A Roman and son of Ferrucius; was intruded into the Chair of St. Peter in 974; reinstalled 984; died July, 985. In June, 974, one year after the death of Emperor Otto I, Crescentius the son of Theodora and brother of John XIII, stirred up an insurrection at Rome, during which the Romans threw Benedict VI into the Castle of Sant' Angelo, and elevated as his successor the Cardinal-Deacon Franco, who took the name of Boniface VII. The imprisoned pontiff was speedily put to death by the intruder. But in little more than a month the imperial representative, Count Sicco, had taken possession of the city, and Boniface, not being able to maintain himself, robbed the treasury of the Vatican Basilica and fled to Constantinople.
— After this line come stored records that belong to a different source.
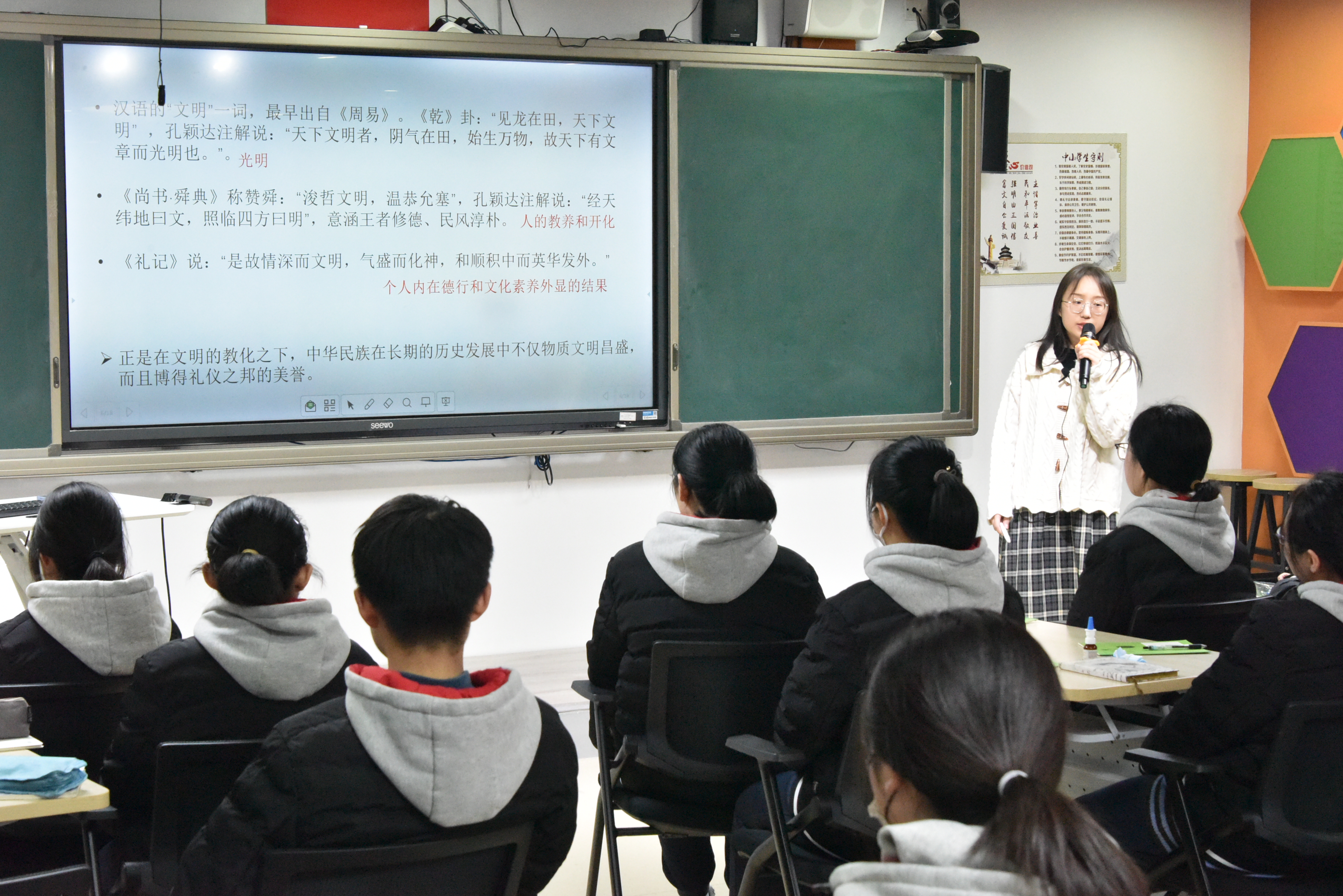 金俐延老师以《创文明校园 做文明学生》为主题,以中华优秀传统文化中文明发展的脉络轨迹为切入点,帮助学生厘清文明的概念及范畴,剖析环境因素对个人的影响。随后,通过现场小组交流的方式,分析身边的不文明行为及其产生的个人、家庭、社会等原因。最后,在金老师的带领下,全体学生共同宣誓、许下承诺,争做文明学生,共创和谐校园。
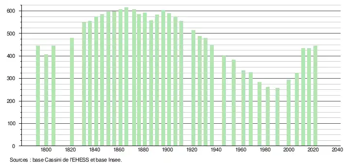 L'évolution du nombre d'habitants est connue à travers les recensements de la population effectués dans la commune depuis 1793. Pour les communes de moins de 10 000 habitants, une enquête de recensement portant sur toute la population est réalisée tous les cinq ans, les populations légales des années intermédiaires étant quant à elles estimées par interpolation ou extrapolation[33]. Pour la commune, le premier recensement exhaustif entrant dans le cadre du nouveau dispositif a été réalisé en 2006[34].
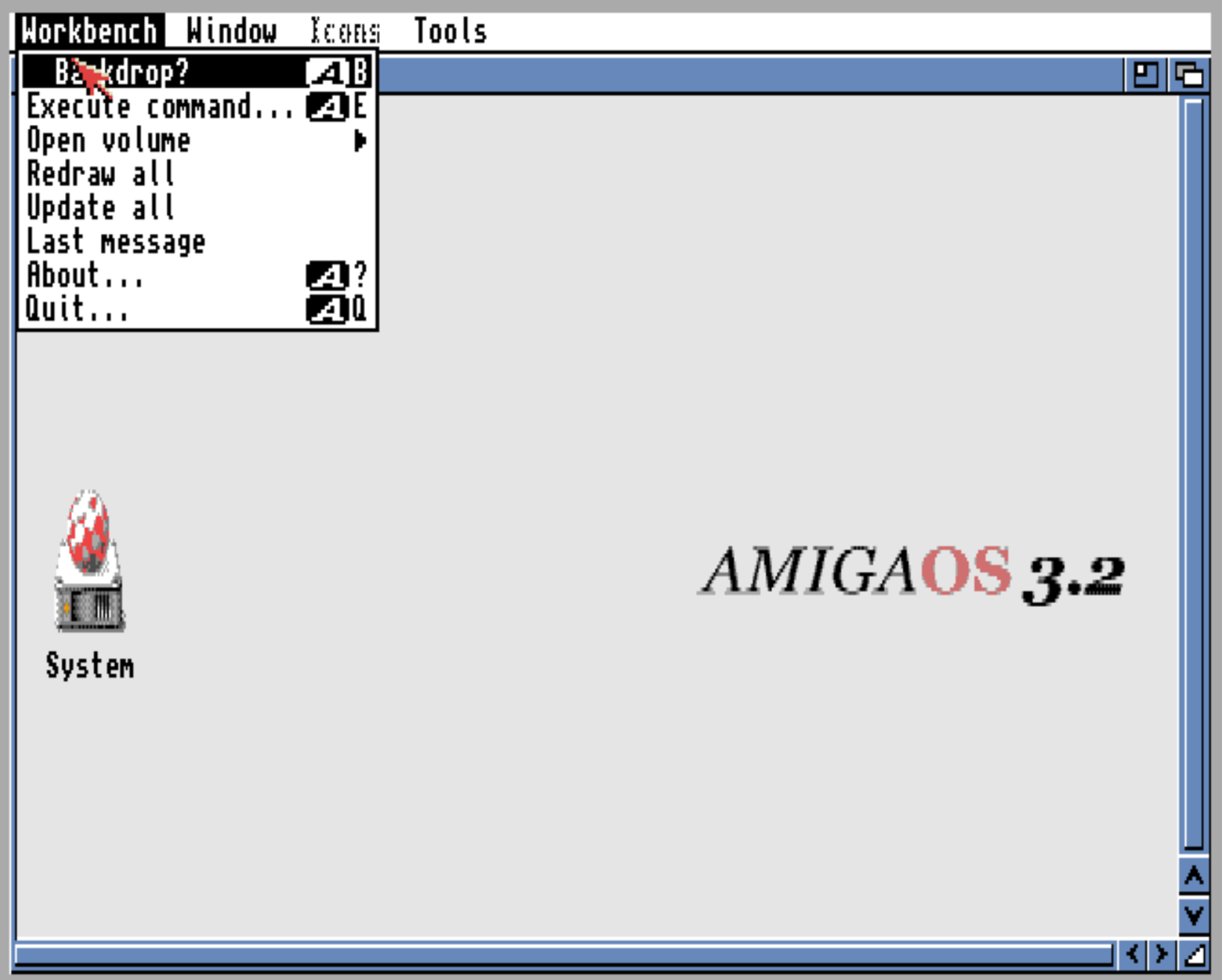 Before we do anything else, lets remove the Workbench window border. I feel the Amiga looks cleaner without it. Hold the Right Mouse Button down and navigate to the Workbench menu. Then select the Backdrop Item and this will make the window border go away.

After an exile of nine years at Byzantium, Franco, on the death of Otto II, 7 December, 983, quickly returned to Rome, overpowered John XIV (April, 984), thrust him into the dungeons of Sant' Angelo, where the wretched man died four months later, and again assumed the government of the Church. The usurper had never ceased to look upon himself as the lawful pontiff, and reckoned the years of his reign from the deposition of Benedict VI in 974. For more than a year Rome endured this monster steeped in the blood of his predecessors. But the vengeance was terrible. After his sudden death in July, 985, due in all probability to violence, the body of Boniface was exposed to the insults of the populace, dragged through the streets of the city, and finally, naked and covered with wounds, flung under the statue of Marcus Aurelius, which at that time stood in the Lateran Palace. The following morning compassionate clerics removed the corpse and gave it Christian burial.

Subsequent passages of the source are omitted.